How Wall Street Ate the Economy

This is the Cover story at Business Week this July end – one year after Bear Sterns shot itself and the US Economy in the foot, being the first of many Hedge Funds and Investment banks, to gag on its own Derivative Mortgage Greed. Now I don’t want to say that I told you so in Greedy Guts US terms – but Business Week describes in even more detail how greed, leverage, greed, Complex Ponzy derivatives, greed, compliant financial instrument ratings firms (don’t think, rather indict, Moodys, S&P, Fitch, etc.), greed, Fed Moral Hazard money, and even more greed have left Business Week saying:
“One thing is for sure: The new normal won’t be a fun as the recent past. Banks will be smaller and fewer. Capital will be harder to get for some consumers and companies. And more of that capital will be parcelled out by lightly regulated hedge funds and private equity firms, for better or worse, as the balance of power on Wall Street shifts

Yikes! – out of the fire and into the dark, shadow world of hedge funds and private quity financing. This is like giving US investment power to the Dark Lords of Mordor. Even the Economist has had second thoughts on the Shadow world of Hedge Funds and Private Equity. But in the waning days of a Federal Administration that is working triple overtime to permanently secure “trickle down” tax braks for the wealthiest Americans most of which are not investing in the US or the new Energy Smart economy but are working triple overtime to procure more “sure thing pounds of financing flesh” (see recent buy out of Trans Alberta Utilitiesfor the latest example) – don’t expect any enlightened control or regulation from Washington.

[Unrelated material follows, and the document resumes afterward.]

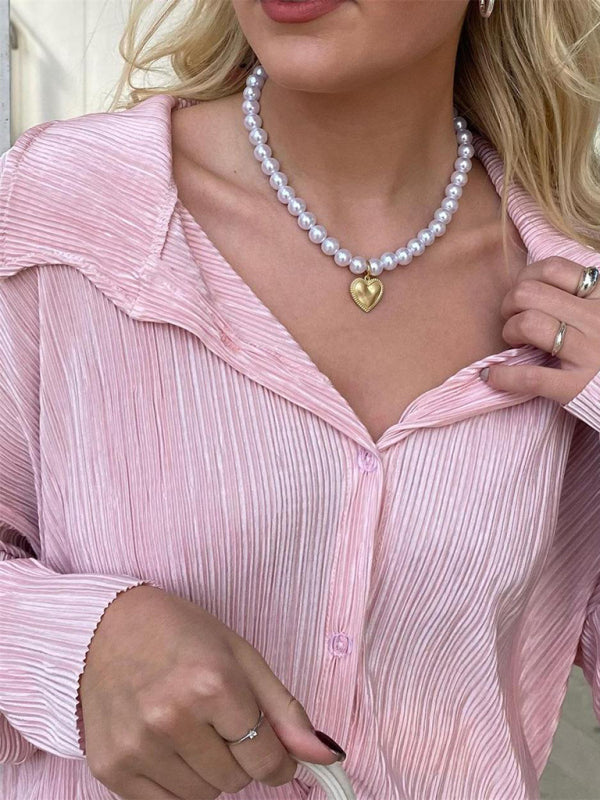 Women's Pleated Shirt Set Straight Trousers Loose Drape Two-piece Set

No its Free Rein at least for 7-8 months as the Still-President lets the most discrete highest bidders settle their Wall Street Wrangle for Power. And so the Sharks of Wall Street Hedge Funders and Private Equity firms are working triple overtime to secure their positions as scott free on the Mortgage Meltdown and the new primetime Lenders of Last Resorts – “the Banks are down a $Trillion or so, so see what We can do for you out of the ‘prying eyes’ of financial regulator”. Give me Venture Capital out on the West Coast over these band of thieves any day.
So until the Still-President is replaced, there is scant hope that the US Capital machinery will right itself out of the “business” of gutting low debt equity ratio firms repackaged as “financial vehicles” and into the truly risky business of transitioning the US economy into a smaller ecological footprint(The US cannot continue to consume 1/4 of the world’s resources given it has only 1/20th of the population) and energy savvy(the World cannot continue on its environmental disaster course). But even with a McCain or Obama presidency – there is no guarantee that the US will not punt its Financial Rainmaking Power into more capable hands. All the results of replacing “Fiduciary Trust” with “Unbridled Greed is the new Might makes Right”.